I’m not sure if you have heard this or not, but it turns out prayer doesn’t accomplish anything at all.
Atheism has an image problem, stemming from the fact that nobody uses the phrase “well, he’s a good atheist.”
There’s a completely undeserved monopoly on claiming goodness just because of irrational faith. People use the phrase “good christian” without giving it a second thought, as if there was any correlation between the two adjectives for a human. You claim to worship a sky tyrant, and you’re automagically a good person. You humbly suggest that perhaps we use a little data to form our decisions about reality, and you’re instantly a moral degenerate.
You can change this in a lot of ways. See the Richard Dawkins “Out” campaign for one, with the idea that atheists as a group need to humanize ourselves, and let our friends and family realize that they know and love an atheist.

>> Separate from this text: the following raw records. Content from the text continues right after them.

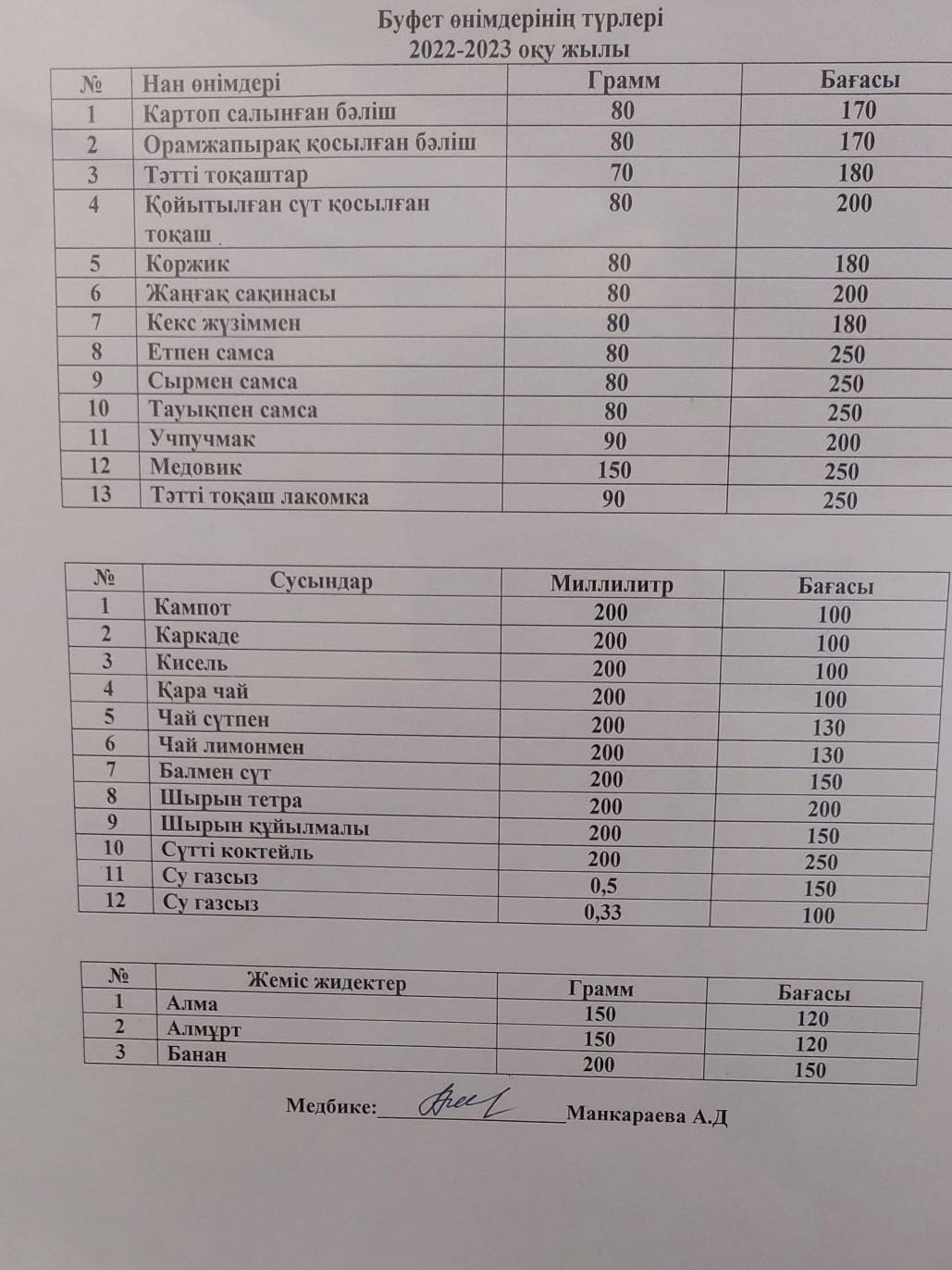 Меню платного буфетного питания с указанием цен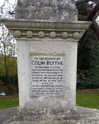 Each year, on November 8th, a ceremony is held at the Memorial, where wreaths are laid by the President and captain of the county club, as well as by representatives of the local regiment. The inscription is simple: To the memory of Colin Blythe of the Kent Eleven, who volunteered for active service upon the outbreak of hostilities in the Great War of 1914-18, and was killed at Ypres on the 8th Nov 1917, aged 38. He was unsurpassed among the famous bowlers of the period and beloved by his fellow cricketers.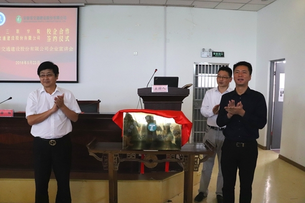 随后,交通工程学院执行院长凤鹏飞和安徽交建副总裁吴学懿签订了校企双方合作协议,校党委副书记鲁先长和安徽交建副总裁吴学懿为“人才培养基地”揭牌。
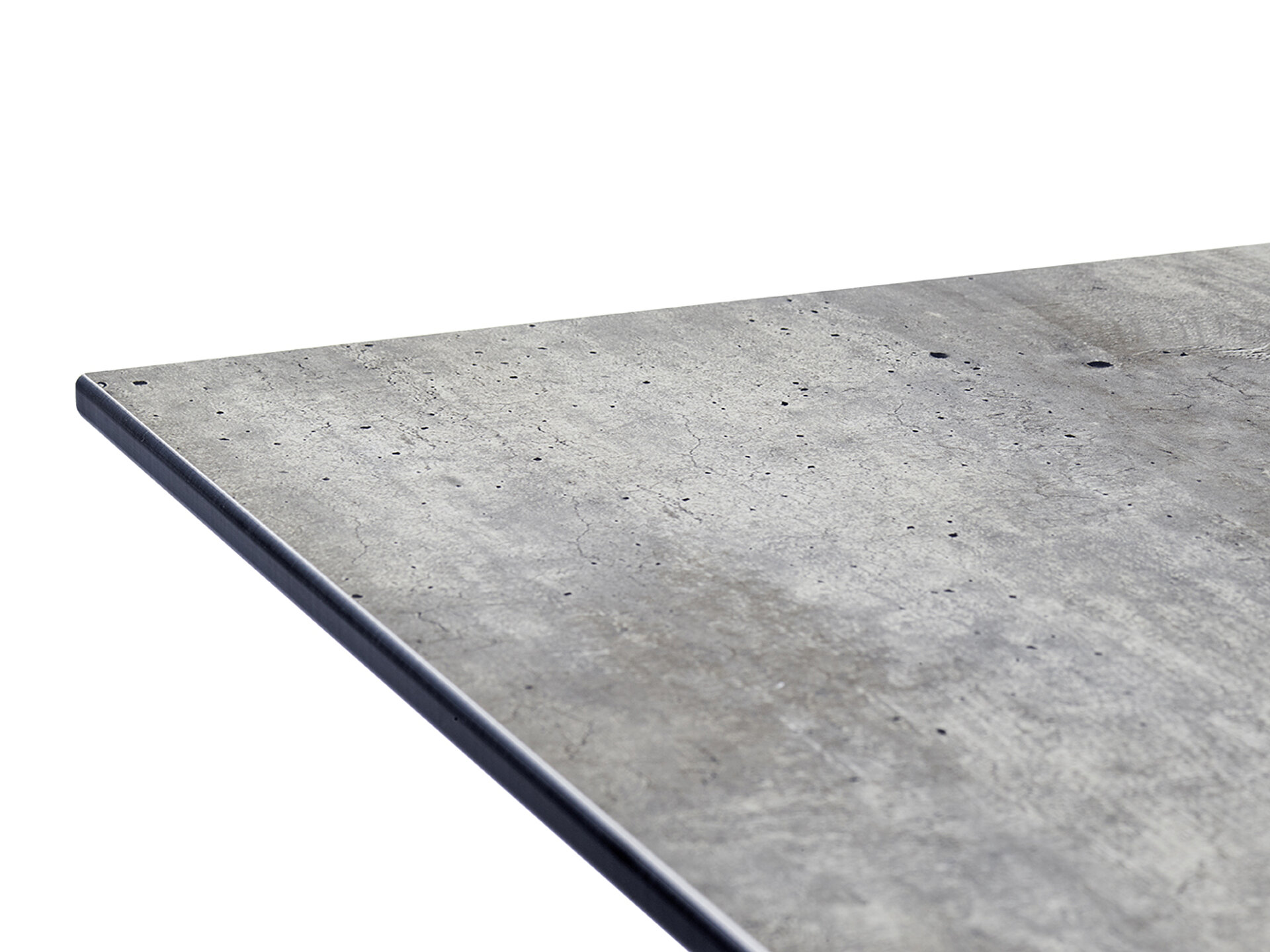 Die 10 mm starken hochwertigen Polytec®-Tischplatten in den Dekoren Schiefer anthrazit und Beton hell sind duromere Hochdrucklaminate (HPL) mit einem äußerst wirksamen Witterungsschutz und daher bestens für den Outdoor-Bereich geeignet. Ihr modernes Styling erhält die Platte durch die abgeschrägte und farblich angepasste Kantengeometrie.
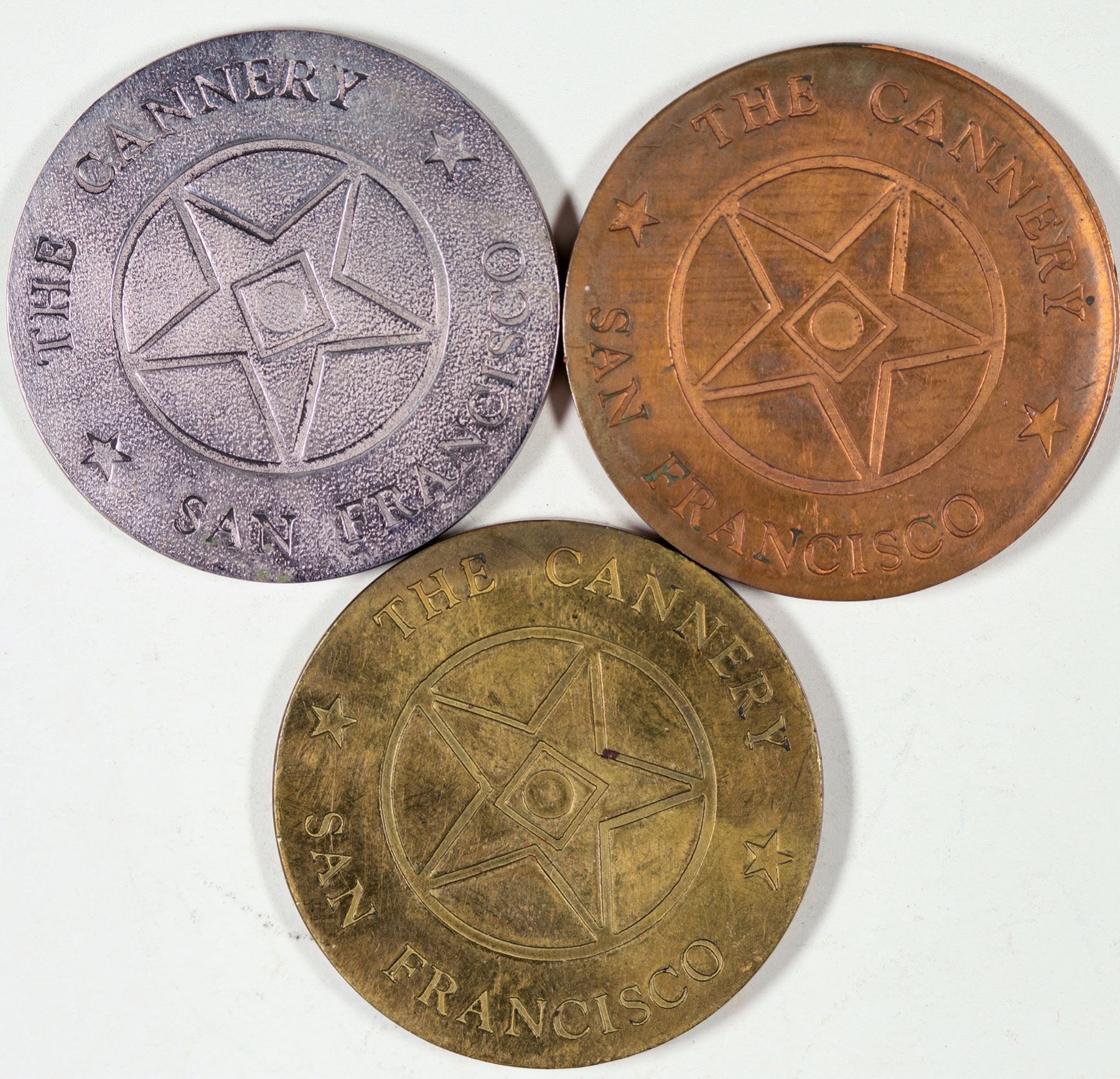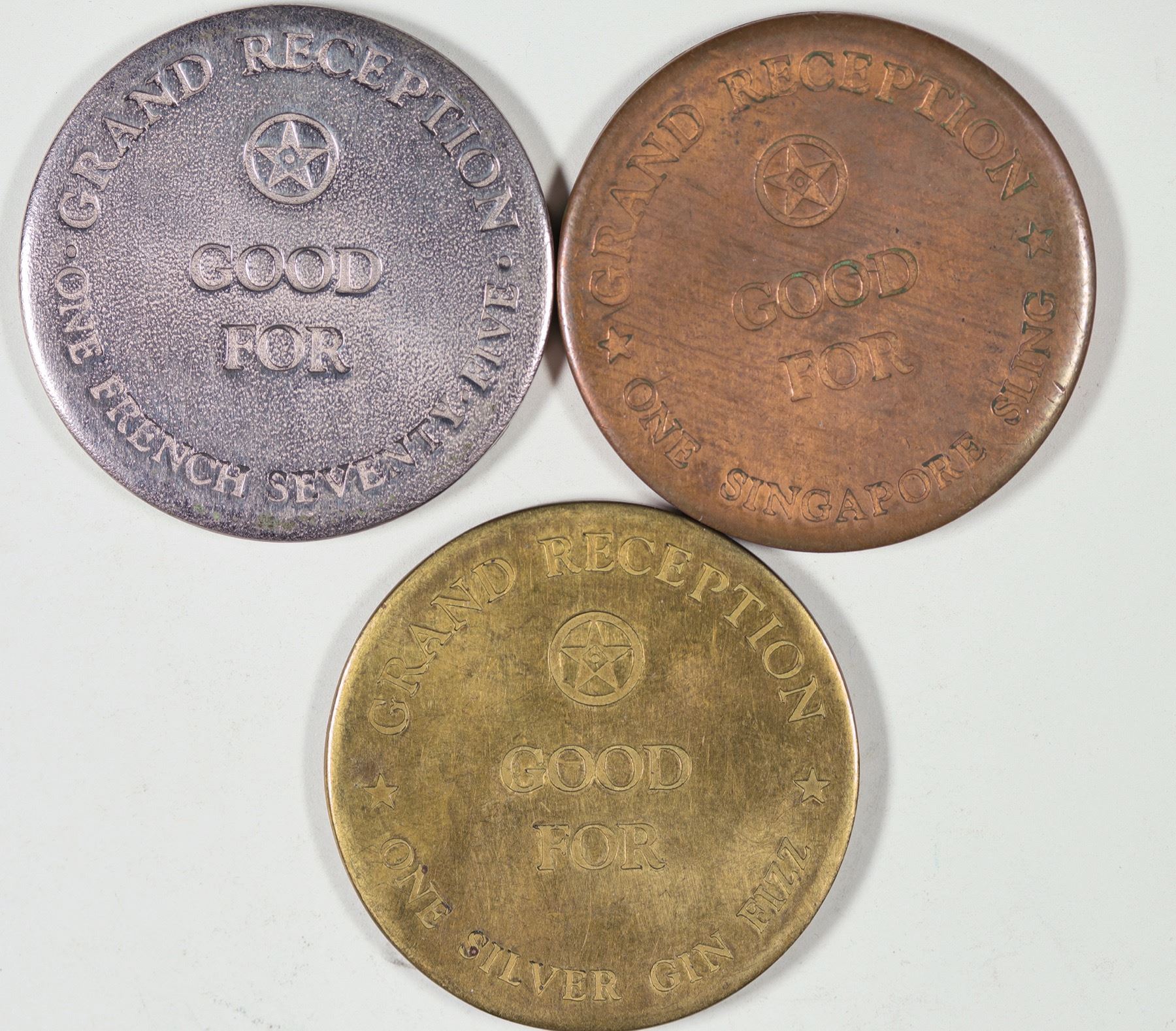 Set of three different 41 mm round metals: obv.: The Cannery / San Francisco; rev.: Grand Reception / Good For / (copper) One Singapore Sling / (brass) One Silver Gin Fizz / (white metal) One French Seventy-Five. Ex Ron Lerch Collection.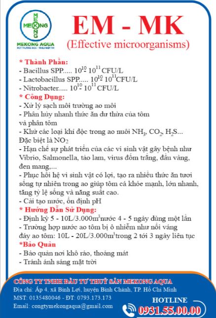 Bộ đôi vi sinh EM MK & Super Rhodo chuyên xử lý môi trường, khí độc trong ao nuôi tôm công nghiệp.

Just being out as an atheist is a good start. However, activism as an atheist can take a lot of forms. One of the first things I tell people that ask about my group here in Kansas City, is the philanthropy work they can take part in.
There are some charities that won’t work with atheists, and that just sucks to be them. (Let that sink in. A “charity” that doesn’t want you to volunteer because of religion. Tell me more about how it’s a force for good in the world?) There’s lots of other options that would love to have you show up and help out, and you can improve the image of atheists at the same time.
Harvesters has warehouses, and food donations that need to be sorted:
The Kansas City Rescue Mission needed meals delivered to the homebound on Thanksgiving. Atheists were there. (Largest group represented, more atheists than church group members!)
Just a few things to keep in mind. Realize that many of the charities in your area will have a religious affiliation. If they serve people regardless of faith, they will likely love to have your help.
If they’re the sort of “charity” that only will feed the homeless if those homeless also attend mandatory church services, you might want to re-consider where you donate your time.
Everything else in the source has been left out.